Foxconn’s Shunsin plans $80 billion chip plant in Vietnam
The tech firm strengthens global manufacturing to mitigate risks and boost output.
Foxconn subsidiary Shunsin has submitted a request for an $80 million investment permit to establish an integrated circuit manufacturing plant in Bac Giang province, northern Vietnam. This development is detailed in a document from Vietnam’s environment ministry and represents a significant expansion of Foxconn’s operations in the region. The proposed facility aims to produce and process electronic components, particularly integrated circuit boards and is expected to commence full-scale operations by December 2026, with an annual production capacity of 4.5 million units.
This move aligns with Foxconn’s ongoing strategy to diversify its manufacturing base outside of China, especially in Southeast Asia, where it has already made substantial investments. The products manufactured at the new Shunsin plant will be designated for export, targeting major markets including the US, EU, and Japan. This export focus underscores Foxconn’s commitment to meeting the growing global demand for advanced electronic components.
Foxconn, officially known as Hon Hai Precision Industry, is recognised as the world’s largest contract electronics manufacturer.
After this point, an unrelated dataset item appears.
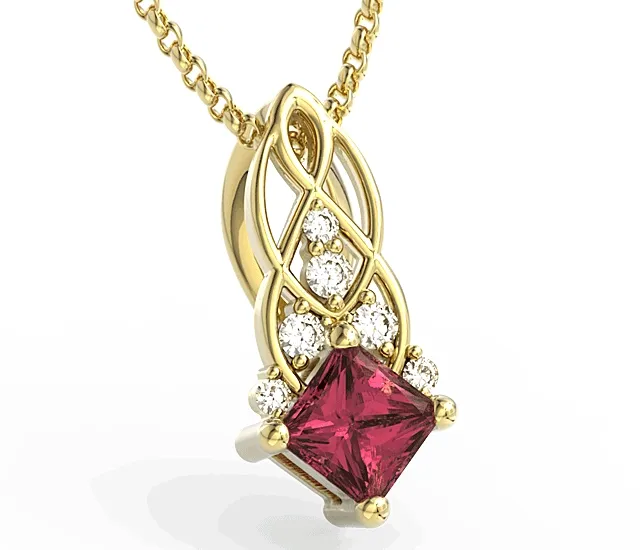 Wisiorek z żółtego złota z topazem Swarovski Red i brylantami BPW-86Z

Since entering Vietnam in the early 2000s, the company has invested over $3.2 billion in various operations across the country. Its manufacturing footprint is primarily concentrated in northern provinces like Bac Ninh and Bac Giang, which have become key hubs for electronics production. In July, Foxconn also received a license to invest $383 million in a factory dedicated to printed circuit boards, further enhancing its capabilities in the region.